:: Brief ::
Word for word, copy the lines from the one with "e inizio a tirare" to the last line of the data below, counting both, and keep every picture out.

:: Dataset excerpt ::
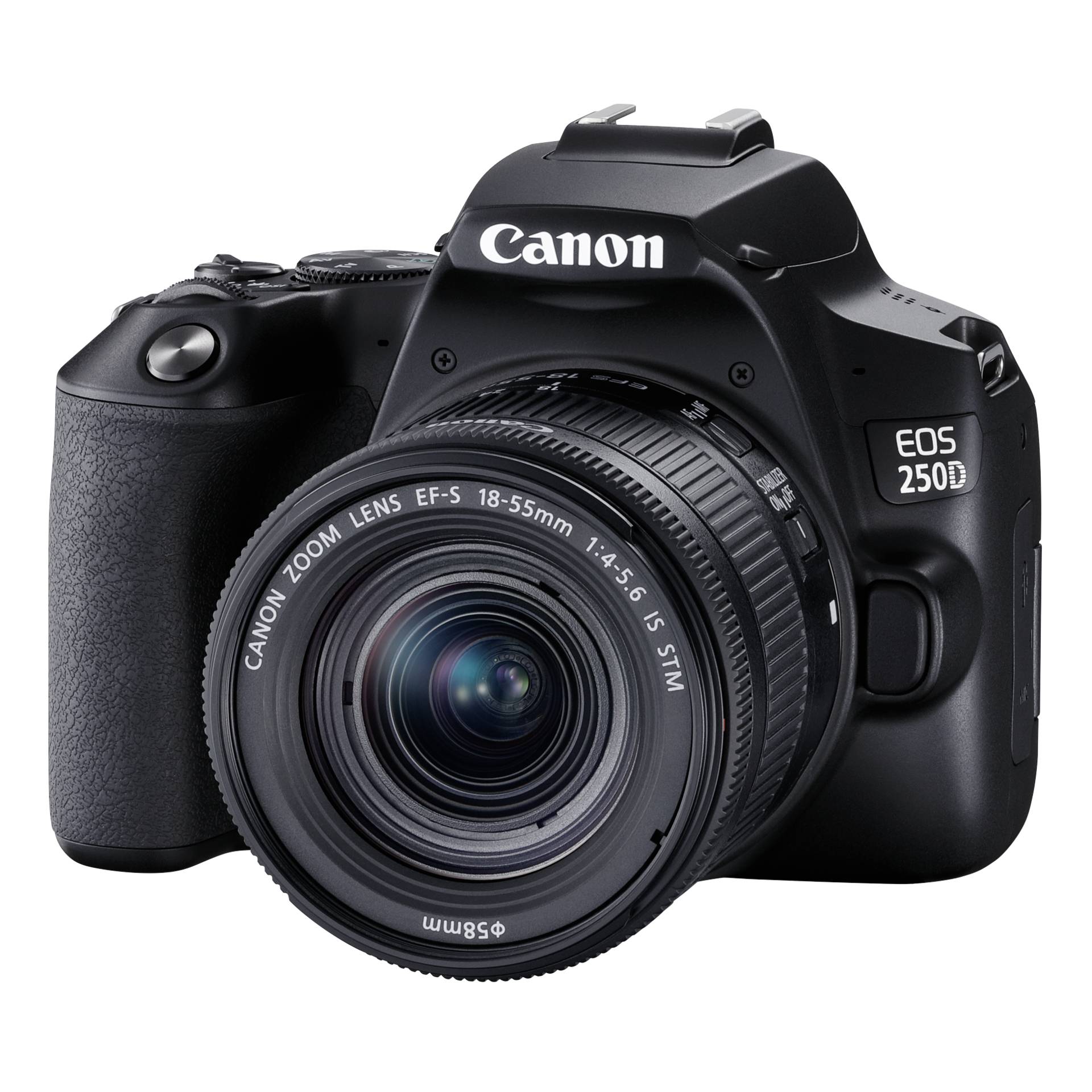 Descubre la Canon EOS 250D, la DSLR más ligera con pantalla orientable, ideal para los entusiastas de la fotografía y el video. Con su sensor APS-C de 24,1 MP y su procesador DIGIC 8, captura imágenes nítidas y coloridas incluso con poca luz. Su visor óptico y el autoenfoque Dual Pixel CMOS AF garantizan fotos precisas y rápidas, mientras que la pantalla táctil orientable facilita los selfies y los ángulos creativos.Puntos fuertesFotos de alta resolución de 24,1 MP y videos 4K UHDPantalla LCD táctil orientable de 3,0″ para mayor flexibilidadDual Pixel CMOS AF con reconocimiento de ojosConexión Wi-Fi y Bluetooth para un intercambio instantáneoModos automáticos y guía creativa para principiantes y expertosObjetivo EF-S 18-55 IS STM incluidoRango focal de 18-55 mm (equivalente a 29-88 mm) versátil para retratos y paisajesEstabilización óptica de 4 pasos para imágenes nítidasMotor STM para un enfoque silencioso en videoDistancia mínima de enfoque: 0,25 mCompacto y ligero para fotografía y video en movimientoEspecificaciones técnicas claveSensor APS-C CMOS de 24,1 MPVisor óptico de pentaprismaResolución de video: 4K 25fps, Full HD 50fpsPantalla LCD de 3,0″ táctil orientableISO: 100-25600, ampliable a 51200Tarjetas de memoria: SD / SDHC / SDXCPeso: 451 g (cuerpo) / 205 g (objetivo)Contenido del kitCanon EOS 250D cuerpo negroObjetivo EF-S 18-55 IS STMBatería LP-E17 y cargador LC-E17EOcular EF, tapa del cuerpo, correa de transporteManual de usuario y cable de alimentación
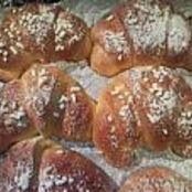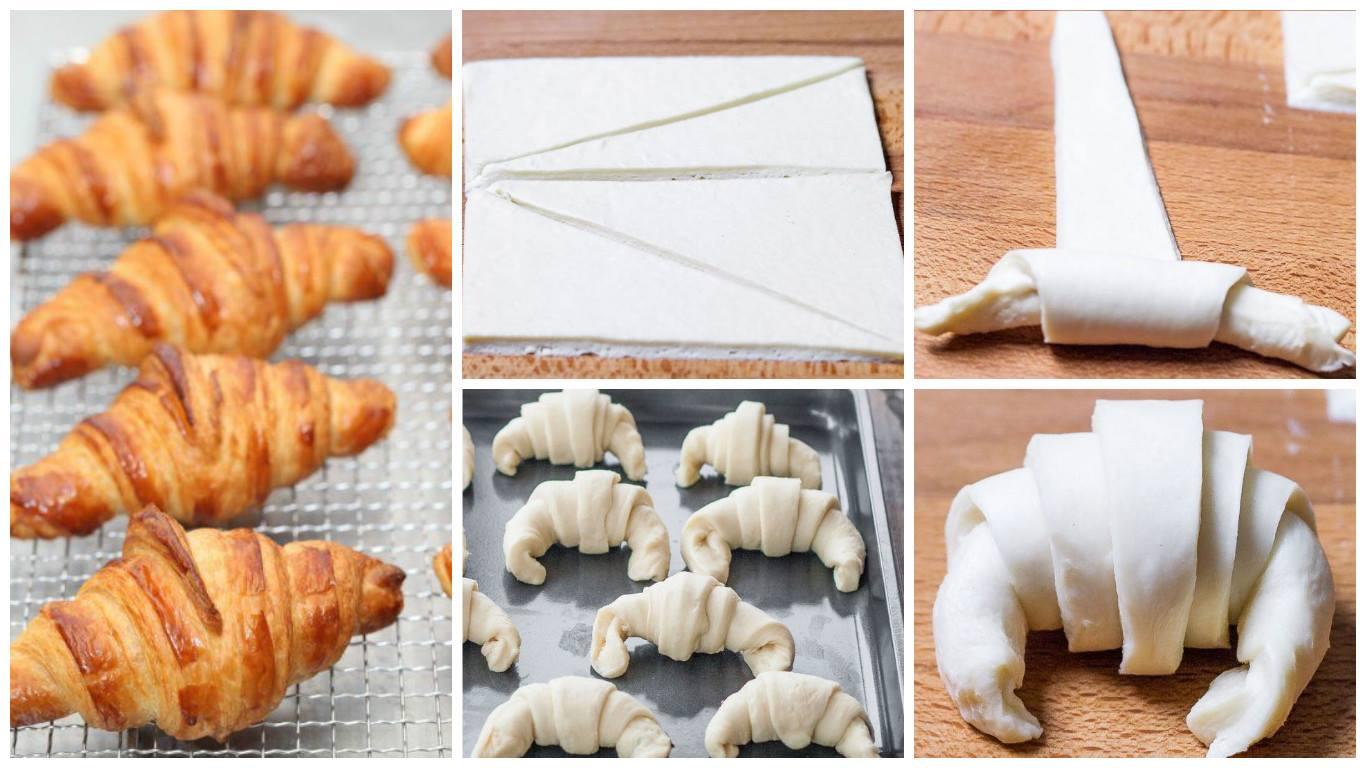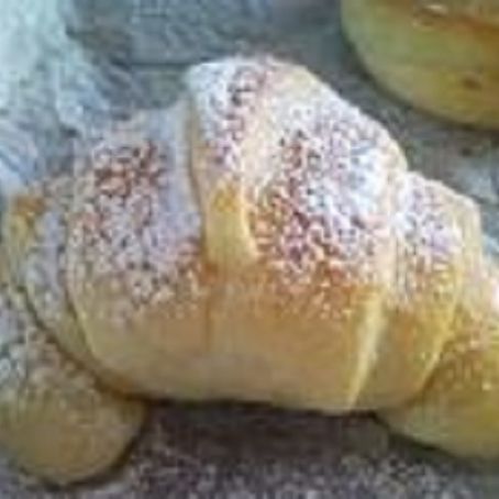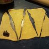 e inizio a tirare il mio impasto con il mattarello dandogli la forma di un rettangolo dello spesso di circa mezzo cm. dal quale ricaverò i triangoli che formeranno le mie brioche , li farcisco con ciò che mi piace, per es. nutella, marmellata, crema oppure vuota.
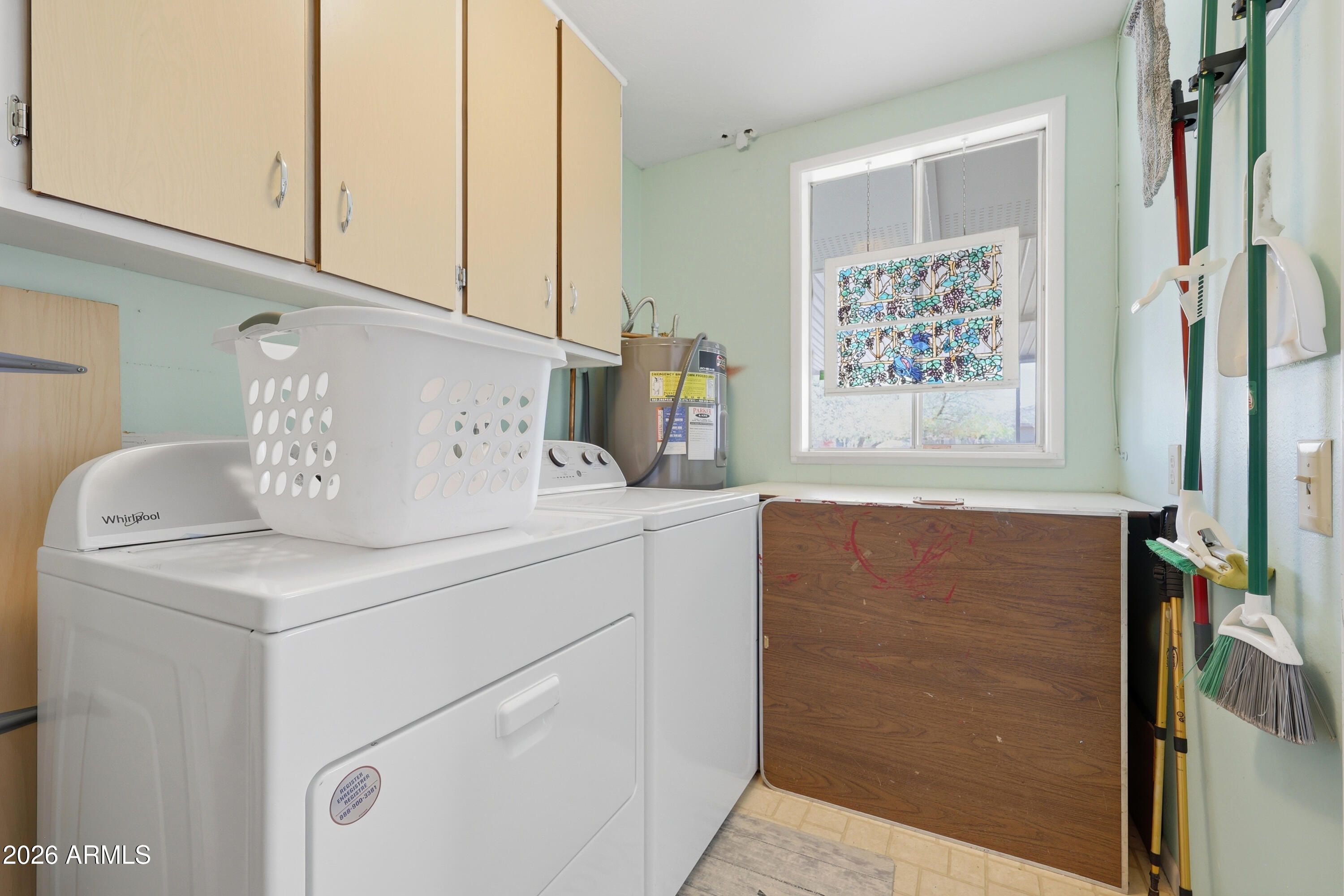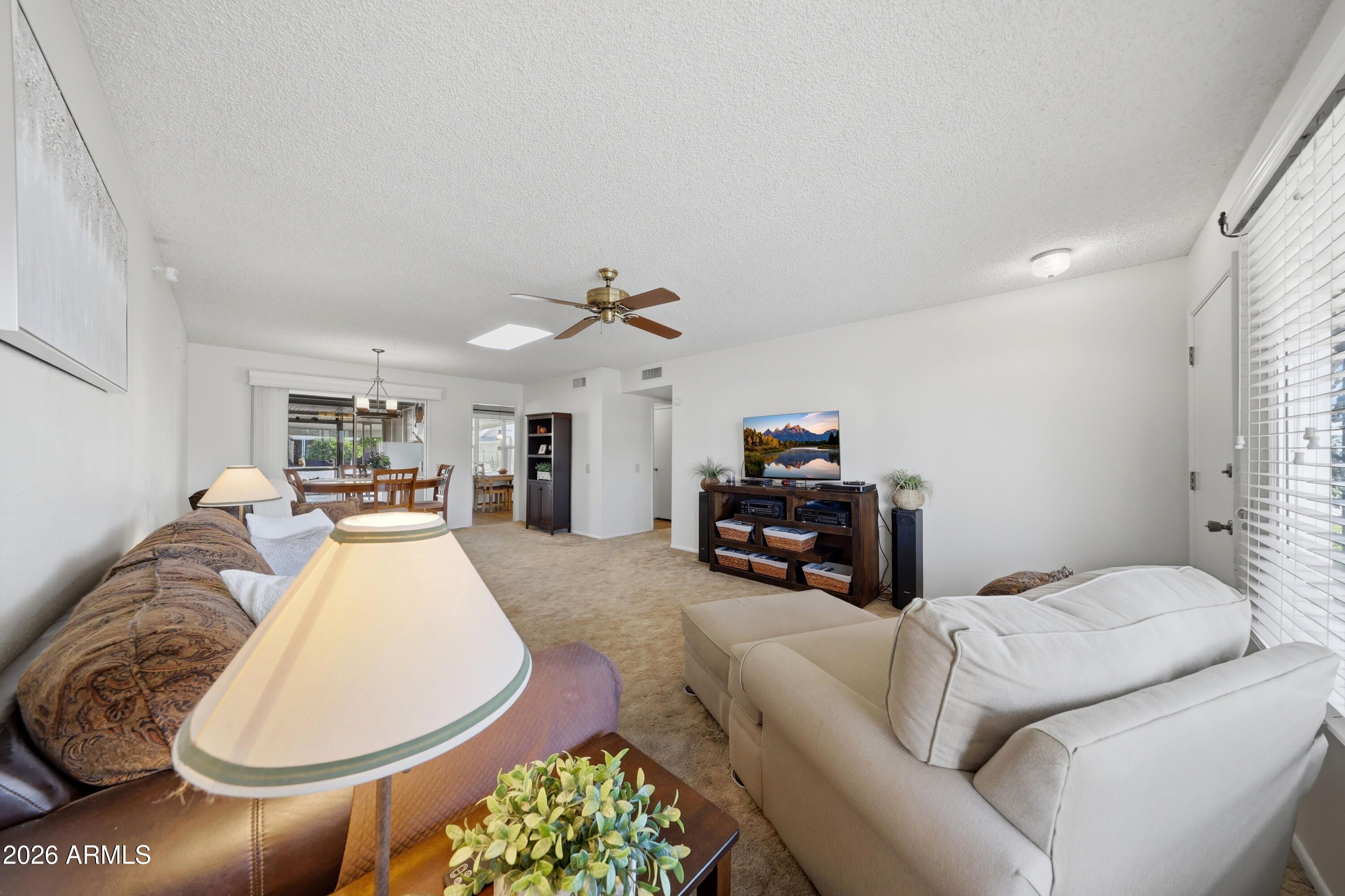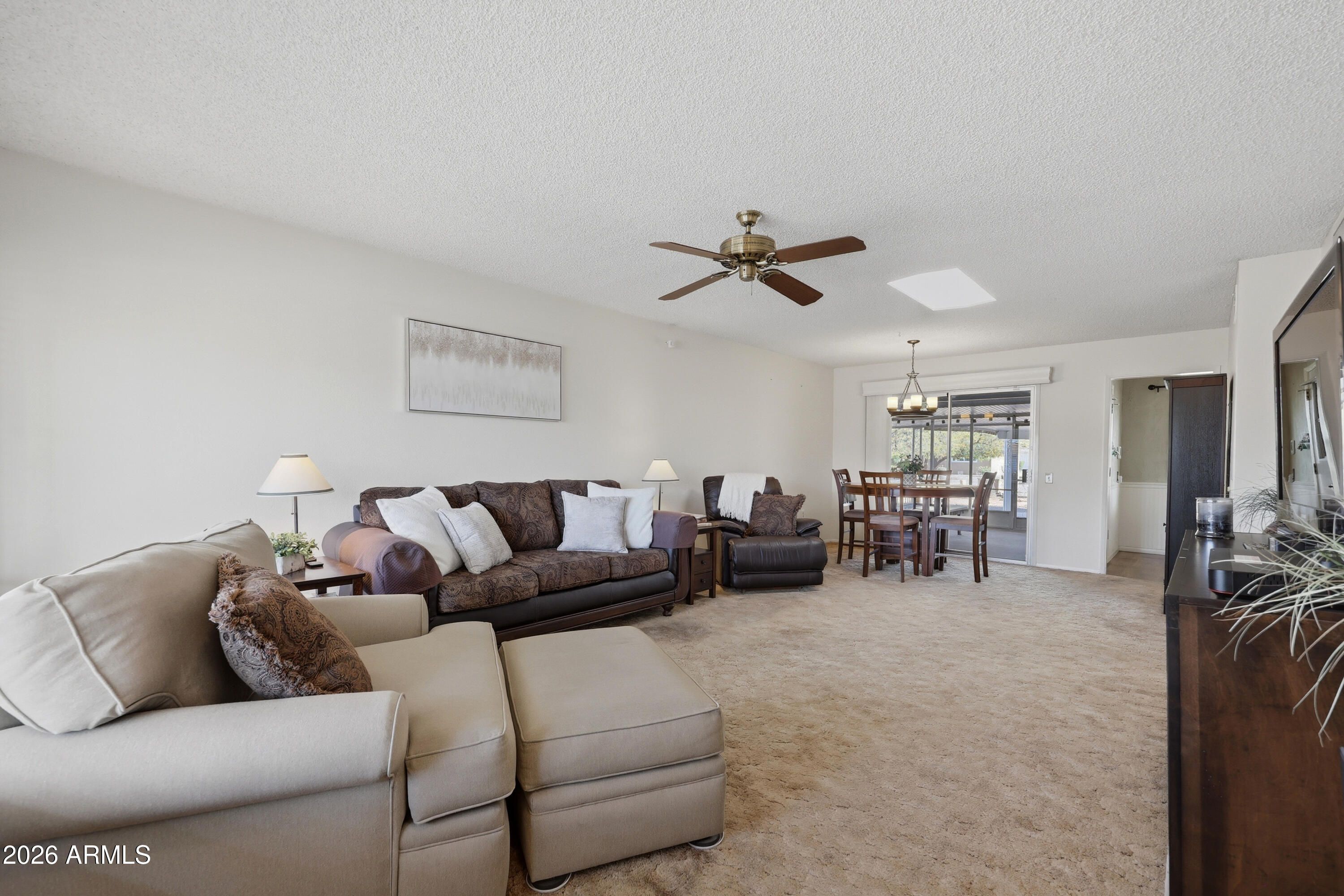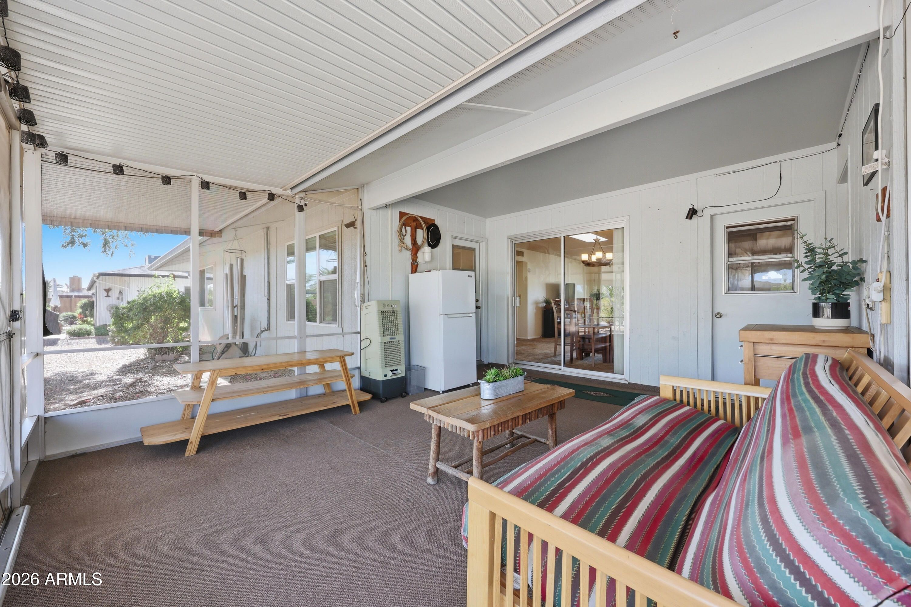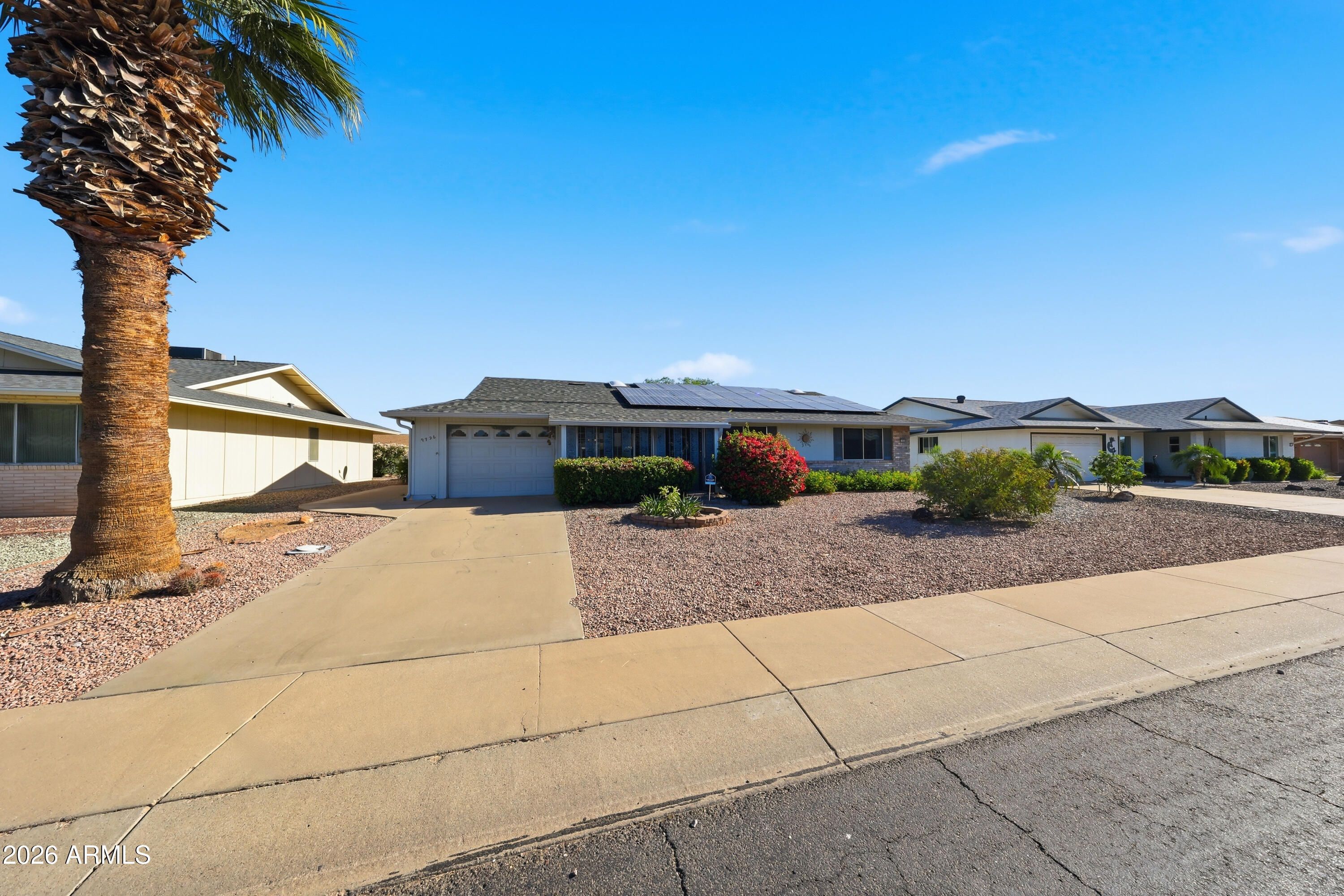 Discover the charm of Sun City living in this beautifully updated 3-bedroom, 1.75-bath home with no HOA and thoughtful upgrades throughout. If you love relaxing Arizona evenings, you will absolutely appreciate the unique covered patio and fully screened Arizona room, creating the perfect spaces for outdoor entertaining, morning coffee, or unwinding at the end of the day. This move-in ready home features new luxury vinyl flooring, newer water heater, and a new roof replaced just 3 months ago in 2026, offering peace of mind for years to come. The kitchen and laundry setup are even more functional with a GE washer and dryer installed in 2025. Outside, enjoy easy-care desert landscaping in both the front and back yards, complete with irrigation for shrubs a and trees. The screened Arizona room sits adjacent to a golf cart parking area or workshop space, adding flexibility for hobbies, storage, or extra utility. Additional features include a security system, 1-car garage with opener, and a location in a great neighborhood close to shopping, dining, and easy freeway access. With no HOA, modern updates, and classic Sun City appeal, this home is an exceptional opportunity for buyers seeking comfort, convenience, and low-maintenance Arizona living.

:: Written response ::
 e inizio a tirare il mio impasto con il mattarello dandogli la forma di un rettangolo dello spesso di circa mezzo cm. dal quale ricaverò i triangoli che formeranno le mie brioche , li farcisco con ciò che mi piace, per es. nutella, marmellata, crema oppure vuota.
 Discover the charm of Sun City living in this beautifully updated 3-bedroom, 1.75-bath home with no HOA and thoughtful upgrades throughout. If you love relaxing Arizona evenings, you will absolutely appreciate the unique covered patio and fully screened Arizona room, creating the perfect spaces for outdoor entertaining, morning coffee, or unwinding at the end of the day. This move-in ready home features new luxury vinyl flooring, newer water heater, and a new roof replaced just 3 months ago in 2026, offering peace of mind for years to come. The kitchen and laundry setup are even more functional with a GE washer and dryer installed in 2025. Outside, enjoy easy-care desert landscaping in both the front and back yards, complete with irrigation for shrubs a and trees. The screened Arizona room sits adjacent to a golf cart parking area or workshop space, adding flexibility for hobbies, storage, or extra utility. Additional features include a security system, 1-car garage with opener, and a location in a great neighborhood close to shopping, dining, and easy freeway access. With no HOA, modern updates, and classic Sun City appeal, this home is an exceptional opportunity for buyers seeking comfort, convenience, and low-maintenance Arizona living.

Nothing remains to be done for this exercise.